- _Information given_:
===============

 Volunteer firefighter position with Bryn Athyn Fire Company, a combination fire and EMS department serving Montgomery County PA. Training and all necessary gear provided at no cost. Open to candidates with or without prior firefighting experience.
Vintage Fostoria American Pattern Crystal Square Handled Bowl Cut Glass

===============

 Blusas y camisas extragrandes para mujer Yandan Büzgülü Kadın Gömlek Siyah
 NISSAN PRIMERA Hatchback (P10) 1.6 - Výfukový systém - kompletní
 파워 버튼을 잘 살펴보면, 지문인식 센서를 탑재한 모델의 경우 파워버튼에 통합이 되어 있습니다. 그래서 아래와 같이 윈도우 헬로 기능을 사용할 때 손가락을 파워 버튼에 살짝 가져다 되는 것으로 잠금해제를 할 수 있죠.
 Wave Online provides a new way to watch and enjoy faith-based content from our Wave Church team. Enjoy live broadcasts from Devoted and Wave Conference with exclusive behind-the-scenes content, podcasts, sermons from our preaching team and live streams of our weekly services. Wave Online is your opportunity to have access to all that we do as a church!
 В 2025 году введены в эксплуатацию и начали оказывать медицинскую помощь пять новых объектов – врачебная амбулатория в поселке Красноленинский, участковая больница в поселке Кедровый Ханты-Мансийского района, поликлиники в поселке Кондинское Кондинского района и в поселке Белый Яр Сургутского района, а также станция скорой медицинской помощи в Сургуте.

===============

- _Required action_: From the line holding "Volunteer firefighter position" to the line holding "Vintage Fostoria American", inclusive, restate each line above exactly as written.

- _Exercise output_:
 Volunteer firefighter position with Bryn Athyn Fire Company, a combination fire and EMS department serving Montgomery County PA. Training and all necessary gear provided at no cost. Open to candidates with or without prior firefighting experience.
Vintage Fostoria American Pattern Crystal Square Handled Bowl Cut Glass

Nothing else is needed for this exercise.